Herald Rating* * * * 1/2
Address: 480 New North Rd, Kingsland, Auckland
Ph: (09) 815 1025
Open: Wed-Fri from 4pm, weekends from 3pm
My son, Max, who is cooler than me by several orders of magnitude, wishes me to report that this tiny bar and cafe in Kingsland has the best soundtrack (of almost exclusively local music) of any place in Auckland where he has sat and enjoyed a beer. At the risk of characterising him as a barfly, I have to say that he would know.
I got a bollocking from some readers a couple of years ago when I wrote disparagingly of local Mexican food.
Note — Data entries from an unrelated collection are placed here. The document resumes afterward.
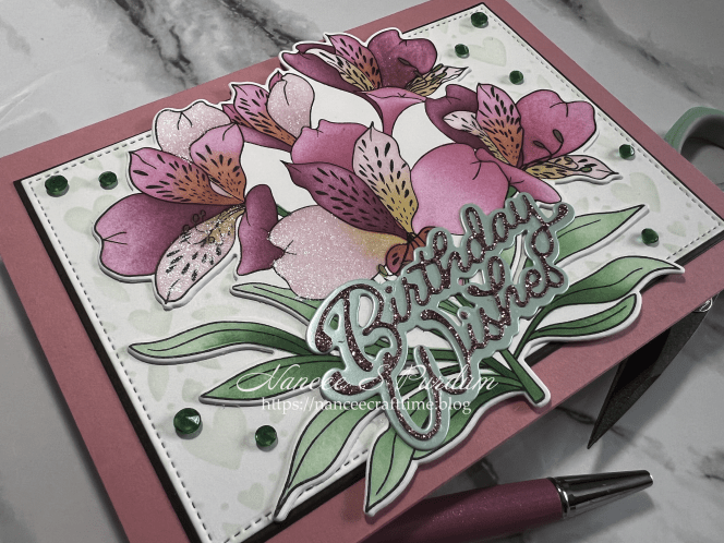 To finish off my card, I added some green jewels to the front of my card. I wanted a little sparkle on some of the flower petals so I went over some of the petals with my Nuvo Aqua Shimmer Gloss pen. This completed my card.
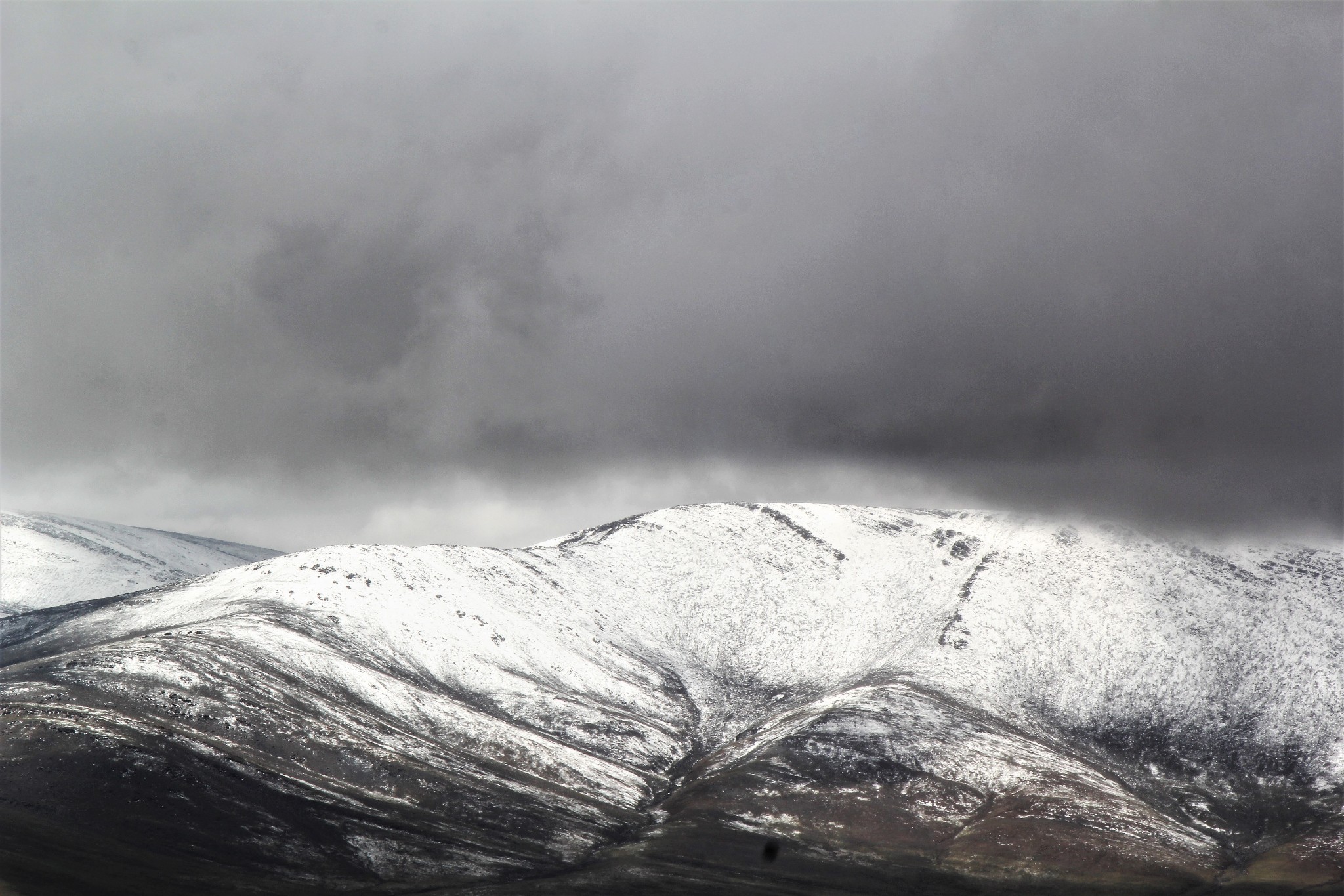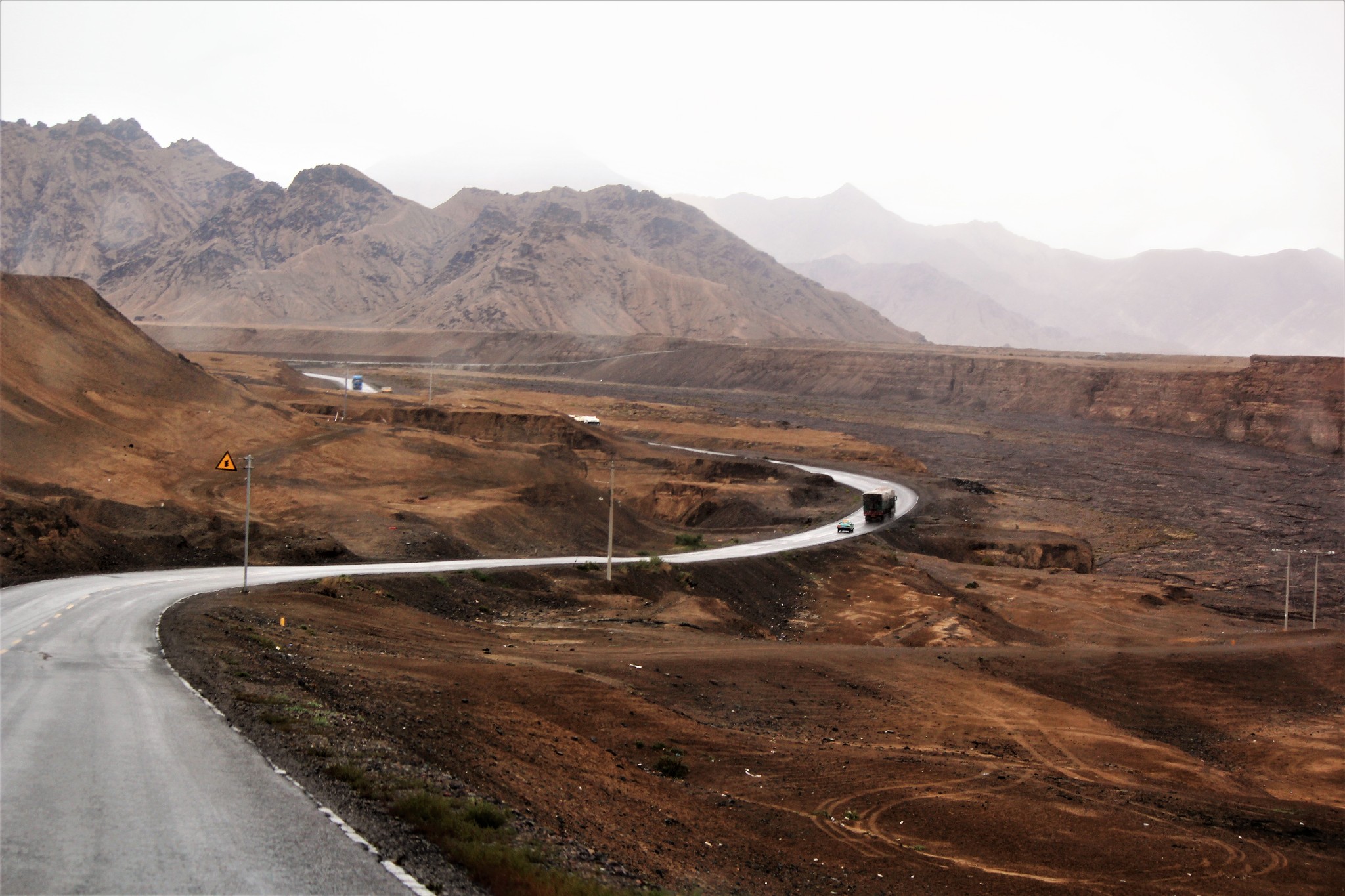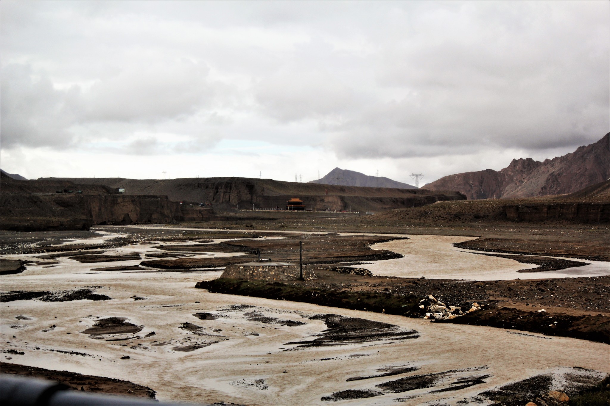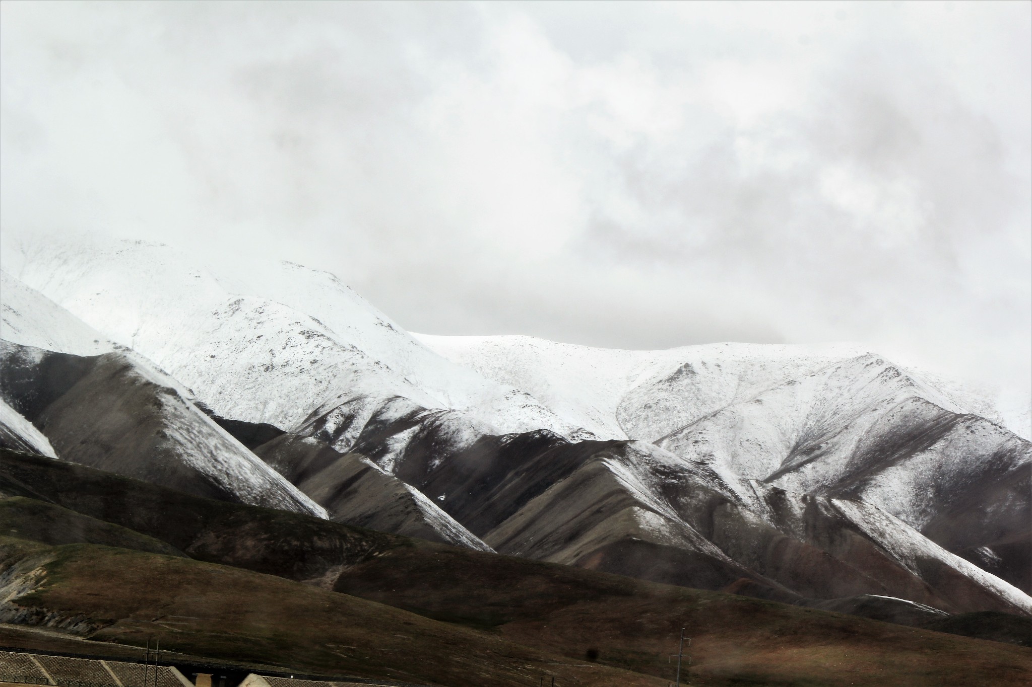 从昆仑山垭口眺望前方的山脉,寒冷昏暗的天气,使得前方的山峦看起来了无生气。
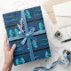 Hier haben wir ein schönes Packpapier mit den Worten "Happy Hanukkah" auf einem dunkelblauen Streifen mit einem glitzernden metallischen blauen Bogen auf einem schwarzen Hintergrund. Dieses Papier ist in verschiedenen Größen erhältlich und passt zu anderen Verpackungspapieren, Papiertüchern, Geschenktaschen und einer Grußkarte. Dies ist sicher eine perfekte Ergänzung zu Ihren Geschenken in dieser Ferienzeit.
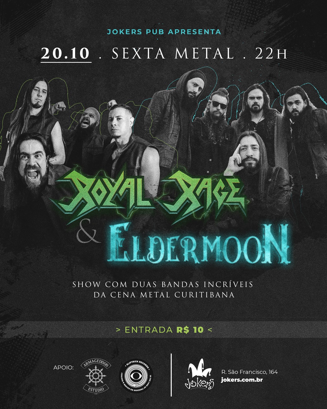 Prestes a embarcar para sua primeira turnê internacional, o ROYAL RAGE segue fazendo shows em sua terra natal e anuncia show no próximo dia 20/10 em Curitiba ao lado do Eldermoon. O evento será realizado no Jokers Pub, localizado na R. São Francisco, 164 – Centro. Com abertura da casa prevista para às 18h e shows às 20h e ingressos custando apenas R$ 10,00, o ROYAL RAGE promete dar uma amostra de como serão os shows que os europeus assistirão: “Estamos esquentando os motores para a turnê e a cada apresentação que fazemos aqui temos a certeza de que o público europeu irá curtir cada minuto com a gente. O repertório será baseado em nosso novo álbum, “Evolve”, e dentre as faixas do petardo está “Lampião”, destaque absoluto nos palcos”. Nesta apresentação a banda dará início à uma pré-venda exclusiva da camiseta da turnê europeia, e será a única chance de adquirir este modelo aqui no Brasil.
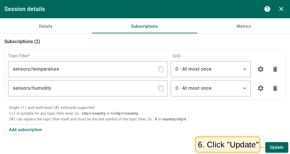 On the Subscriptions page you may observe, analyze or filter all subscriptions on the broker. The table contains the following information about each subscription:
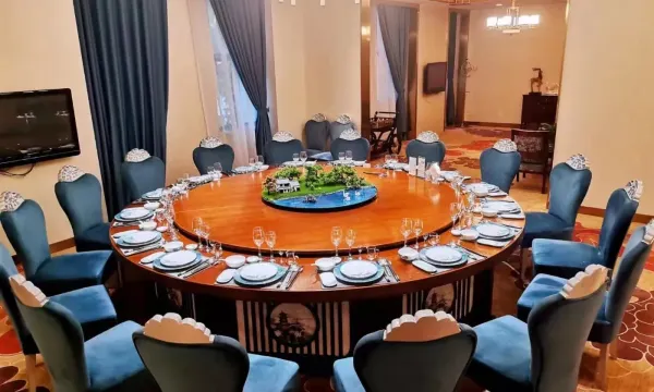 中心可同时容纳800余人用餐,各类包厢25间、大小宴会厅5间,菜肴以本帮淮扬菜为主,注重开发改良地方农家菜和小野味,充实一些高档杭帮菜和地道川菜,已形成了自己的饮食风格和特色。不论是商务出行还是旅游度假,在这里都能得到方便、舒适、温馨的贴心服务。
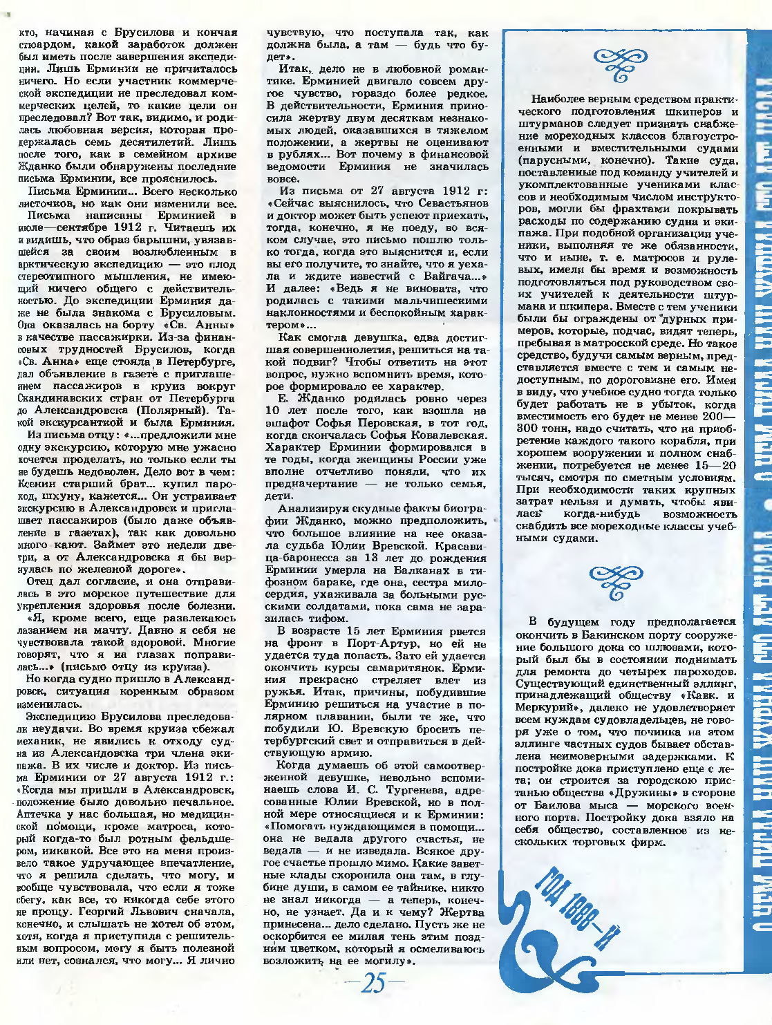 Ерминия Александровна получила от отца телеграфное «добро», хотя и с припиской, что затеи он не одобряет, и уже чувствовала себя полноправным членом экипажа. Наконец заработала машина, поплыли назад высокие берега. После полудня вышли в море и подняли паруса. Ерминия Александровна скрылась в своей каюте, пододвинула лист бумаги и написала свое последнее письмо, которое дошло до Большой земли: «1-ое сентября. Дорогие мои, милые папочка и мамочка!

One reader was kind enough to point me in the direction of Mexican Specialties in Ellerslie, where I was (and remain) happy to eat my words but no other Mexican joint had come close to making me resile from my original assessment.
I actually discovered El Camino while parking outside it on the way to eat elsewhere. It's the kind of place that is easy to miss since it is about the size of a generous broom closet. But I noticed that it was full while a lot of other nearby eateries were empty or sparsely populated.
The tiny place, which opened two summers ago, gives a fresh inflection to la comida Mexicana. Proprietor/chef Stephanie Connor spent much of her teenage years in Los Angeles and the ideas she brought back and the food she whips up in her tiny kitchen at the southern end of the Kingsland dining strip almost reinvent the genre: KiwiMex, anyone?
Her regular customers would probably rather the place didn't get a good review since the restaurant is already hard enough to get into. But I don't see why they should have all the fun.
While my dining companion decided what to order, we made short work of a bowl of corn chips with which we shovelled up a bright, astringent house-made salsa. I was interested in trying the tacos (irresistible at $6 each). They turned out to be soft-shell and filled not with the oily, chilli-and-sugar-laden mince that gives the dish such a bad name but with small strips of tender beef, in a sauce with just the requisite amount of punch.
Ditto Max's albondigas - a meatball dish, Spanish in origin, which were lent zing by generous use of chipotle (dried chilli). The squid in my calamari salad, flash-fried with coriander and lime, was meltingly tender. The recommended accompaniment has to be tequila.
Cleverly, the place subcontracts dessert: a range of handmade icecreams in exotic flavours like ginger or sake and lychee, which are not conspicuously Mexican. But for the rest, El Camino is the real deal. Beat a path to the door - but be sure to book.